I might have been a overzealous in my previous post about using Julia as the best way for parsing binary files in the most efficient, pleasant-to-use manner. I think I was also too eager to forgo using Python in my analysis due to slow looping. I'll save most of my reasons in switching from Julia to Python in another post, but I wanted to revisit how I parsed the WaveDump output files and do the same thing in Python. Mostly as a way for me to get back into writing posts but also to provide the stepping stone for the next post on switching languages.
To recap WaveDump outputs binary files in a structure where the first six 32-bit values
constitute the header, giving information on the number of waveform samples coming next
and waveform number count. Then based on the header info we can read the next n
16-bit
values as the waveform ADC values. I looked at several different ways to accomplish this
in Python, one method using NumPy, another using the built-in module
struct
, but the one I found easiest to do this in was with the built-in module array
.
The code looks like
import array
import numpy as np
def read_binary_file_array(file_path):
with open(file_path, "rb") as binary_file:
header = array.array("I")
data = array.array("H")
while binary_file.peek() != b'':
header.fromfile(binary_file, 6)
data.fromfile(binary_file, 500)
return np.array(header).reshape(-1, 6), np.array(data).reshape(-1, 500)

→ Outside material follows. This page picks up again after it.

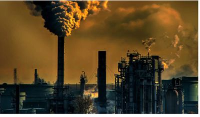 Pollution of the air, water and soil caused by toxins such as plastics, heavy metals and nitrates, caused by factors such as toxins and gases released by factories, combustion of fossil fuels, acid rain, oil spill and industrial waste.

The nice thing about the array
module is continuing to read into an already-created
array will just append the values, whereas the other two methods I tried you need to do
the appending yourself. I return as numpy
arrays and can reshape them into however
many waveforms were taken during the data run. There should be some more work done on
determining how long the waveforms are and making this function more general, but for the
current purpose I think it shows how easy it is to accompish this same task of reading
custom binary files in Python as it is in other languages.